Records for the task:
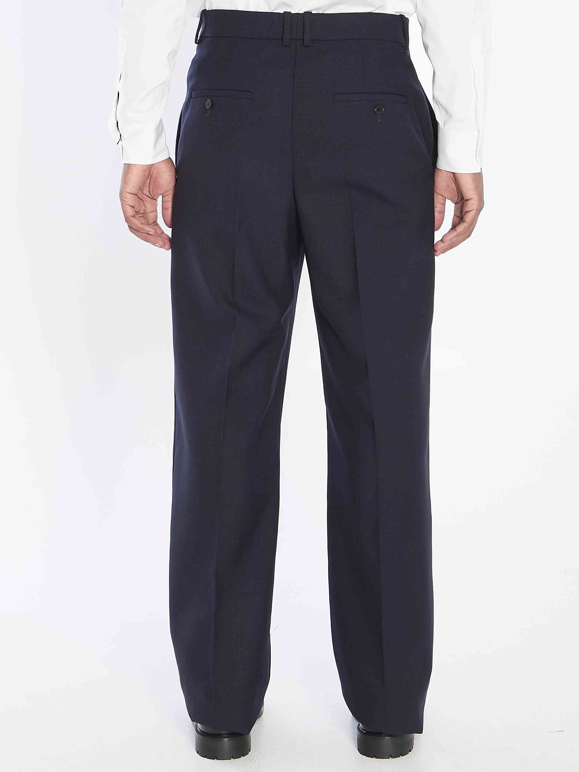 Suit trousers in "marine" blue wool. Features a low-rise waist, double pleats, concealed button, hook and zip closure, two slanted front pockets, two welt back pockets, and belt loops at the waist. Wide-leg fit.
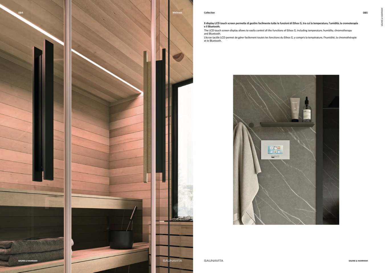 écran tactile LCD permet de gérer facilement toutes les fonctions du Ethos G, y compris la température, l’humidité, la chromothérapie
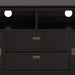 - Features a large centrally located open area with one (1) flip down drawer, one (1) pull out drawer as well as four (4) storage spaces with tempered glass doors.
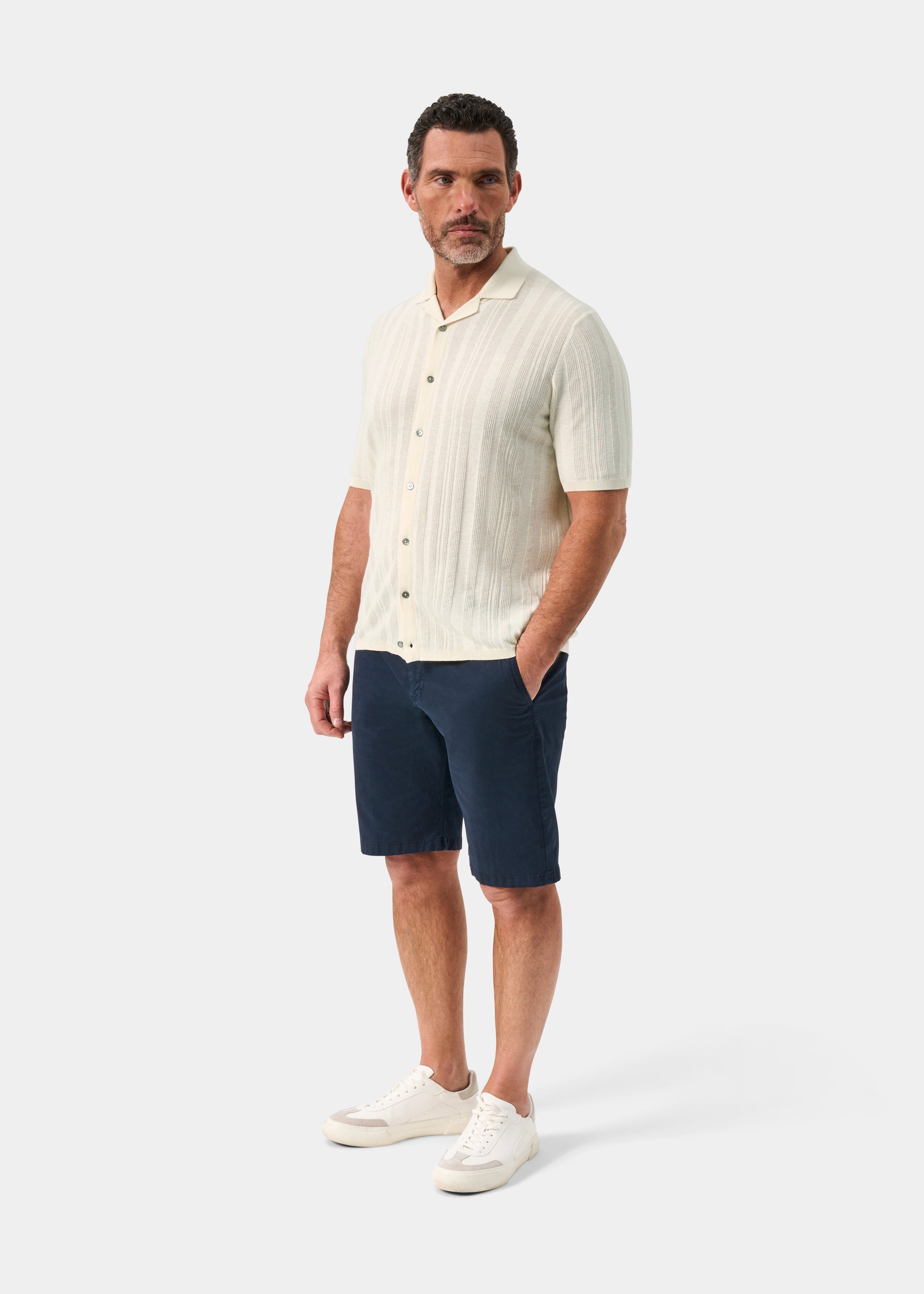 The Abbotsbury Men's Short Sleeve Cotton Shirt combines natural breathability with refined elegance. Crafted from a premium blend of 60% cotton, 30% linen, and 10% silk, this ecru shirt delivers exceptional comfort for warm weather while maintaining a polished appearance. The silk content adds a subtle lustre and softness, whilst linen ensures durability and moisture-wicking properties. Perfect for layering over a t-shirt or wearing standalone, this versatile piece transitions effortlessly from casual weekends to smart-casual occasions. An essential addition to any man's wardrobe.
---
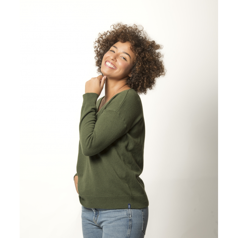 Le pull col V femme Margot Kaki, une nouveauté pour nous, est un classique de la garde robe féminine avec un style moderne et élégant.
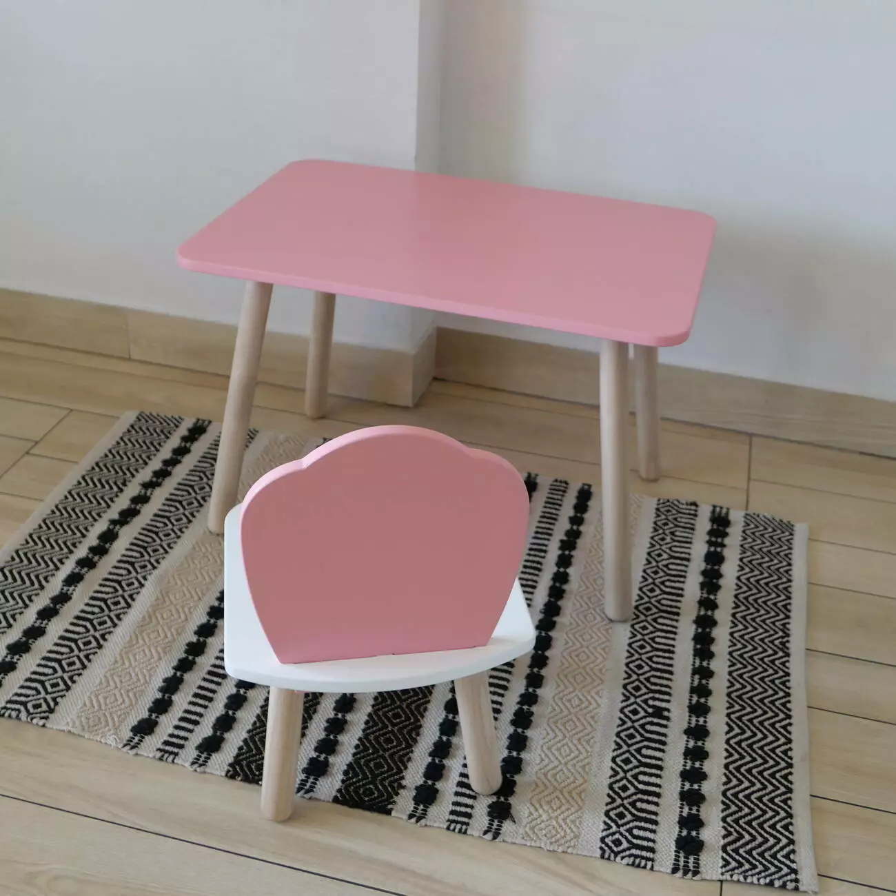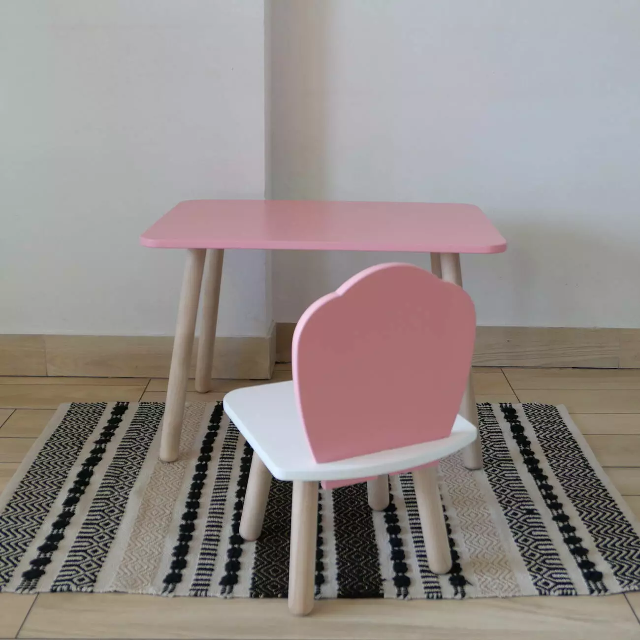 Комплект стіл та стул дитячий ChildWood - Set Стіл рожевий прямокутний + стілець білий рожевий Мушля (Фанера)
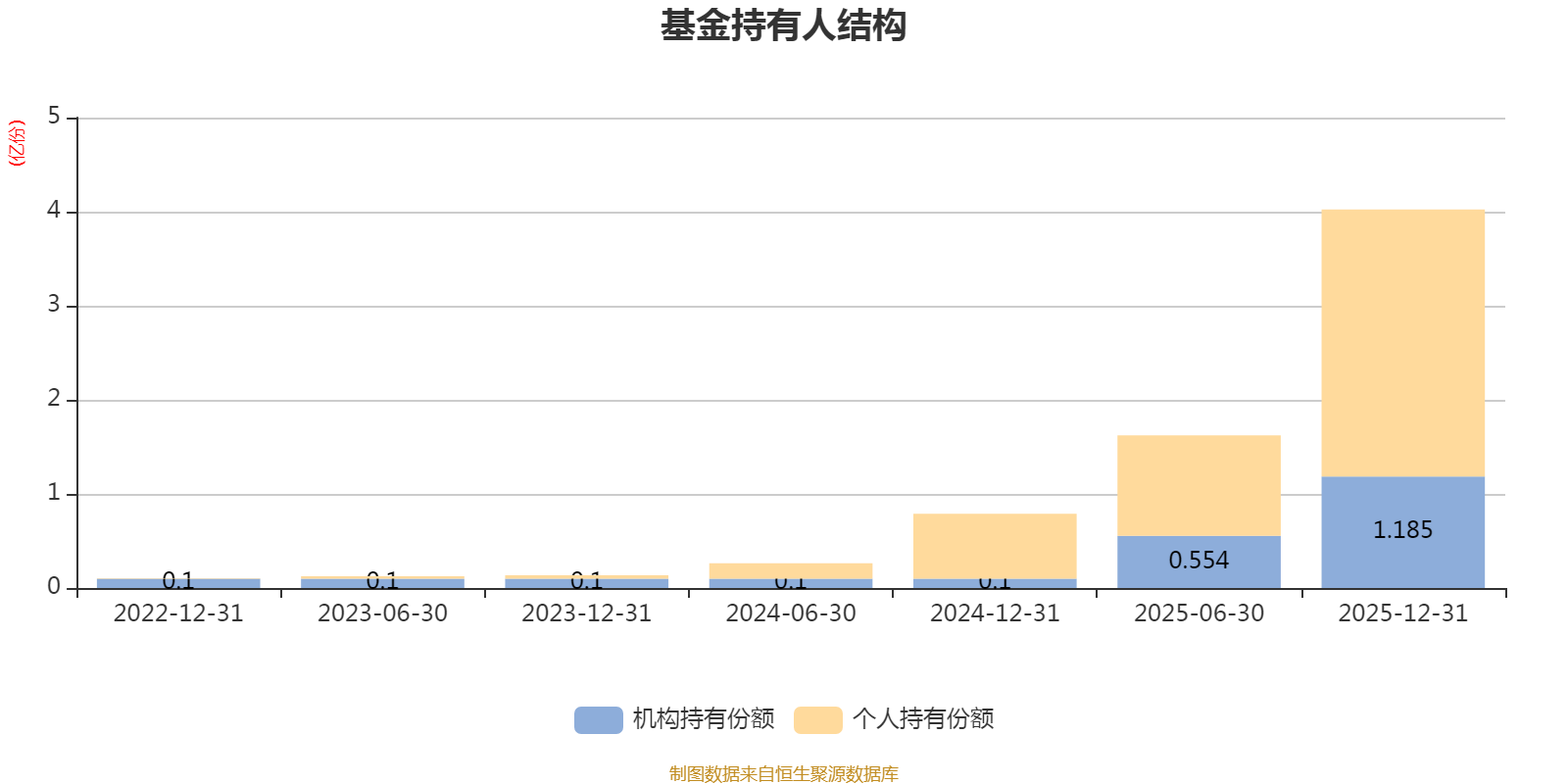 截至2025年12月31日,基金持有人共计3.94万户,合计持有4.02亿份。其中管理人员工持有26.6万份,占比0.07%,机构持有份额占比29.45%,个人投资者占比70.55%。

Exercise objective:
Everything between and including the line above containing "Suit trousers in" and the line containing "The Abbotsbury Men's" should be reproduced exactly, with pictures excluded.

Reply:
 Suit trousers in "marine" blue wool. Features a low-rise waist, double pleats, concealed button, hook and zip closure, two slanted front pockets, two welt back pockets, and belt loops at the waist. Wide-leg fit.
 écran tactile LCD permet de gérer facilement toutes les fonctions du Ethos G, y compris la température, l’humidité, la chromothérapie
 - Features a large centrally located open area with one (1) flip down drawer, one (1) pull out drawer as well as four (4) storage spaces with tempered glass doors.
 The Abbotsbury Men's Short Sleeve Cotton Shirt combines natural breathability with refined elegance. Crafted from a premium blend of 60% cotton, 30% linen, and 10% silk, this ecru shirt delivers exceptional comfort for warm weather while maintaining a polished appearance. The silk content adds a subtle lustre and softness, whilst linen ensures durability and moisture-wicking properties. Perfect for layering over a t-shirt or wearing standalone, this versatile piece transitions effortlessly from casual weekends to smart-casual occasions. An essential addition to any man's wardrobe.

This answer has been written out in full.